Il nuovo presidente iraniano è Hassan Rohani. Il dato ufficiale arriva dal ministero dell’interno, che parla di una vittoria raggiunta con una percentuale di voti superiore al 50%. È un trionfo per il Fronte moderato-riformista rappresentato da Hossani, che ha sconfitto al primo turno il sindaco di Teheran, Mohammed Baqer Qalibaf, fermatosi attorno ai sedici punti percentuali.

NONOSTANTE L’AYATOLLAH - Una vittoria inaspettata, quella di Rohani, sia per il risultato che per i termini con cui si è andata affermando. Infatti, in pochi si aspettavano questo risultato: tra questi, sicuramente i due ex presidenti riformatori Mohammed Khatami e Akbar Hashemi Rafsanjani, sostenitori dello stesso Rohani. Una vittoria sorprendente per vari motivi: innanzitutto perché il nuovo presidente non era tra i prescelti dalla guida spirituale del paese, l’ayatollah Ali Khamenei. Lo stesso Khamenei che aveva estromesso Rohani dai negoziati sul nucleare riguardanti l’Iran perché la sua linea era considerata troppo morbida. Una piccola rivincita, ma anche un segnale che ora ci sarà da lavorare affinché si possa instaurare un dialogo tra i due protagonisti del futuro politico iraniano.

NONOSTANTE IL 2009 - L’altro elemento di sorpresa è l’affluenza, uno dei motivi per cui la corsa presidenziale si è chiusa senza il ricorso, da molti preventivato, al ballottaggio. Secondo i dati, circa tre quarti degli aventi diritto del paese si sono recati alle urne, fatto che ha determinato una proroga di cinque ore alla chiusura dei seggi. Ed è un fatto che appare significativo anche se raffrontato alle elezioni del 2009, con le accuse di brogli e le proteste di piazza susseguenti, represse dall’allora presidente Mahmoud Ahmadinejad.

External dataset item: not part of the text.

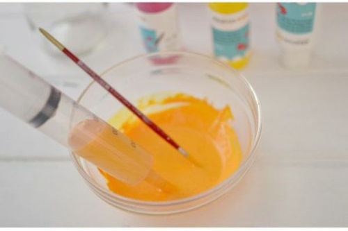 Şırıngaya boyayı çekip şişenin içine boşaltın.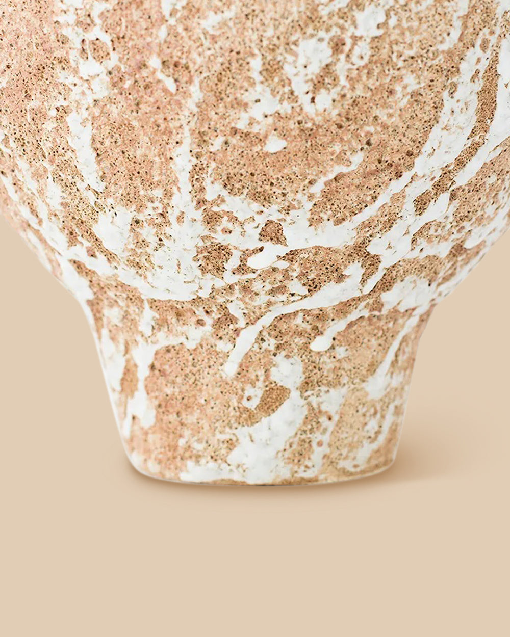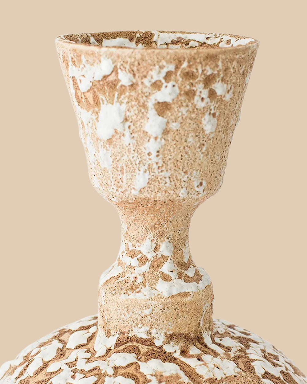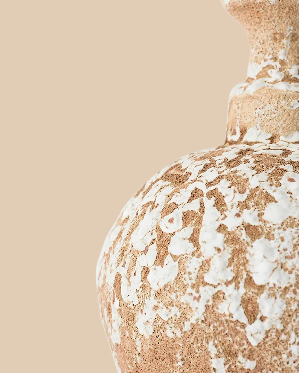 Brushed with experimental glazes, Isolated N.25 is a unique handbuilt ceramic vase with an ancient yet timeless appearance. This glazed handbuilt vessel is made from stoneware with grog from Manises, Spain, and brushed with experimental glazes and a textured surface, resulting in slight variations with each piece.

IL FUTURO (E GLI USA) - Proprio Ahmadinejad è lo sfondo di questa svolta politica, ed un altro dei punti influenti dell’esito delle urne. Sono infatti gli attriti emersi durante questi anni tra i nazionalisti e la guida spirituale a spingere Khamenei alla esclusione di molti candidati vicini al presidente uscente. Questo ha fatto sì che i voti dei conservatori si disperdessero su tre diversi candidati, portando alla vittoria il fronte riformista, unitosi nella figura di Rohani mano mano che altri candidati abbandonavano la corsa.

Dopo la festa per le strade del paese – Teheran in testa – resta da capire quanto la figura di Rohani inciderà nella politica interna ed internazionale dell’Iran. Molte le domande: l’incubo statunitense di Ahmadinejad, in primis, può davvero dirsi terminato? Rohani troverà magari proprio negli Usa un territorio comune su cui costruire un dialogo con l’ayatollah? E come verrà a costituirsi il rapporto con Israele?
 Ed in politica interna, il nuovo presidente riuscirà a soddisfare le promesse fatte in campagna elettorale, riguardanti una minore intrusione nella vita privata dei cittadini ed un’apertura all’Occidente, testimoniata ad esempio dall’impegno a diminuire il gap tra uomini e donne? Oppure queste istanze, in un paese in cui la religione ha ancora un peso specifico notevole, saranno fonte di tensioni?